При следующей нашей встрече в Оксфорде в 1965 году Ахматова в деталях описала кампанию властей, направленную против неё. Она рассказала, что Сталин пришел в ярость, когда услышал, что она, далекая от политики, мало публикующаяся писательница, живущая сравнительно незаметно и потому до сих пор стоявшая в стороне от политических бурь, вдруг скомпрометировала себя неформальной встречей с иностранцем, да к тому же представителем капиталистической страны. "Итак, наша монахиня принимает иностранных шпионов", - заметил он (как уверяют очевидцы) и потом разразился потоком такой брани, которую она не может повторить. Тот факт, что я никогда не работал в разведывательной службе, не играл для него никакой роли: все представители иностранных посольств и миссий были для Сталина шпионами. "Конечно, - продолжила Ахматова, - к тому времени старик уже совершенно выжил из ума. Все присутствовавшие при его бешеном выпаде утверждали, что перед ними был человек, охваченный патологической манией преследования". На следующий день после моего отъезда из Ленинграда, 6 января 1946 года, у лестницы, ведущей в квартиру Анны Андреевны, поставили часового, а в потолок её комнаты вмонтировали микрофон - явно не для того, чтобы подслушивать, а чтобы вселить страх. Ахматова тогда поняла, что обречена, и хотя анафема из уст Жданова прозвучала месяцами позже, она приписывала её тем же событиям. Она прибавила, что мы оба бессознательно, одним лишь фактом нашего знакомства, положили начало холодной войне, оказав этим влияние на историю всего человечества. Ахматова была совершенно убеждена в этом. Как свидетельствует в своей книге Аманда Хейт
[18], она видела в себе самой историческую фигуру, предназначенную стать виновником мировых конфликтов (прямая ссылка на одно из её стихотворений)

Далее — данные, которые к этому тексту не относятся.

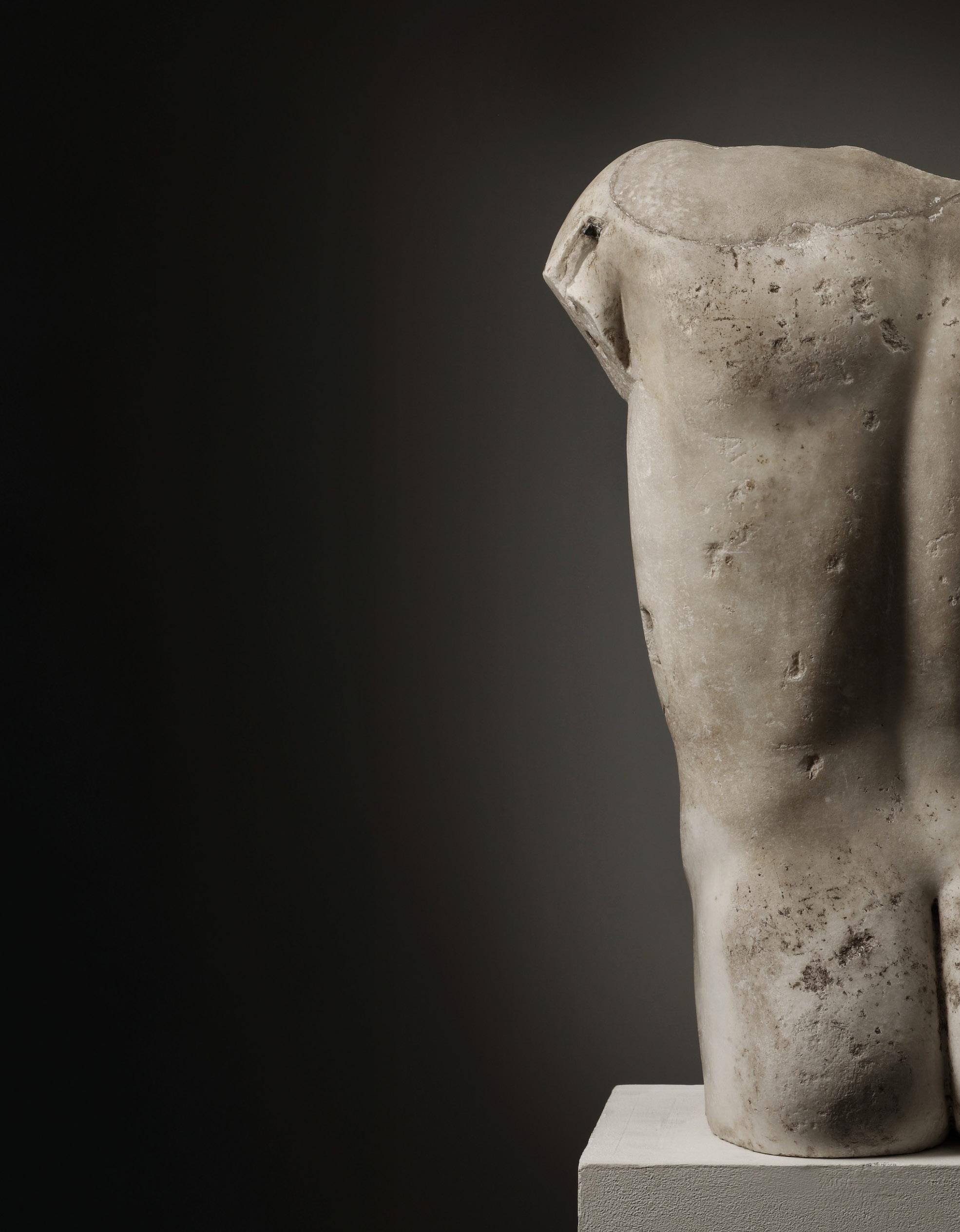 An undated photograph in the archive of the Classical archaeologist Paul Arndt (b. 1865-d. 1937) (since 1894 assistant to Heinrich Brunn and subsequently to Adolf Furtwängler of Munich University; since the late 1890s also active as an art dealer in Munich) depicts our torso in a reconstruction as Ganymede with an eagle. Formerly American priv. coll. F. W. R., New York, probably Frederick W. Richmond (b. 1923-d. 2019); consigned to Christie‘s, New York, 15 December 1992, lot. 29 and Sotheby‘s, New York, 4 December 1994, lot 134. Thereafter priv. coll. Barcelona; acquired from the last auction sale mentioned and consigned in the English art market, 2018.

[19]. Я не протестовал, хотя Анна Андреевна явно преувеличивала значение нашей встречи, что может быть объяснено неистовым выпадом Сталина и последовавшими за этим событиями. Я боялся своими возражениями оскорбить её представление о себе самой как о Кассандре, наделенной историко-метафизическим видением. И потому промолчал.
Затем Ахматова рассказала о своей поездке в Италию, где ей вручили Таорминскую литературную премию
[20]. По возвращении её посетили представители советской секретной службы, задавшие ей ряд вопросов: каково её впечатление от Рима, наблюдала ли она проявление антисоветских настроений среди делегированных писателей, встречалась ли с русскими эмигрантами. Она ответила, что Рим показался ей языческим городом, всё еще ведущим войну с христианством. "Война? - спросили её - Вы имеете в виду Америку?" Что она должна отвечать, когда подобные вопросы ей неминуемо зададут об Англии, Лондоне, Оксфорде? Или спросят о политических взглядах другого поэта, Зигфрида Сассуна
[21], которого чествовали вместе с ней в театре Шелдона
[22]? И о других награждённых? Что говорить? Попробовать ограничиться рассказом о великолепной купели, подаренной Мертон-колледжу
[23] императором Александром Первым, которого тоже в свое время чествовал университет по окончании наполеоновских войн?
Ахматова ощущала себя истинно русской и никогда не думала о том, чтобы остаться за границей, что бы ни произошло. Советский режим был, увы, частью истории ее родины, где она хотела жить и умереть. Мы перешли к теме русской литературы. Ахматова выразила мнение, что бесконечные несчастья, выпавшие на долю России, породили истинные поэтические шедевры, большая часть которых, начиная с тридцатых годов, к сожалению, не была опубликована. Анна Андреевна предпочитала не говорить о современных советских поэтах, чьи работы печатаются и продаются. Один из подобных авторов, находящийся тогда в Англии, послал ей телеграмму с поздравлением по поводу вручения оксфордской учёной степени. Я как раз был у неё, когда пришла эта телеграмма. Она тут же разорвала её и выбросила: "Все они жалкие бандиты, проституирующие свой талант и потакающие вкусам публики. Влияние Маяковского оказалось для них пагубным". Заговорили о Маяковском. Он был в глазах Ахматовой гением, но не как поэт, а как новатор и террорист, подкладывавший бомбы под старинные строения, фигура большого значения, с темпераментом, преобладающим над талантом. Он хотел всё разрушить, всё взорвать. Маяковский кричал во весь голос, потому что для него это было естественным, он не мог иначе, а его эпигоны - здесь она назвала несколько имен еще здравствующих поэтов - восприняли его личную манеру как литературный жанр и превратились в вульгарных декламаторов без искры истинной поэзии в душе. Если они и обладают каким-то даром, то только лицедейским, так русская публика постепенно привыкла к тому, что на неё постоянно орут всевозможные "мастера художественного слова", как их теперь называют.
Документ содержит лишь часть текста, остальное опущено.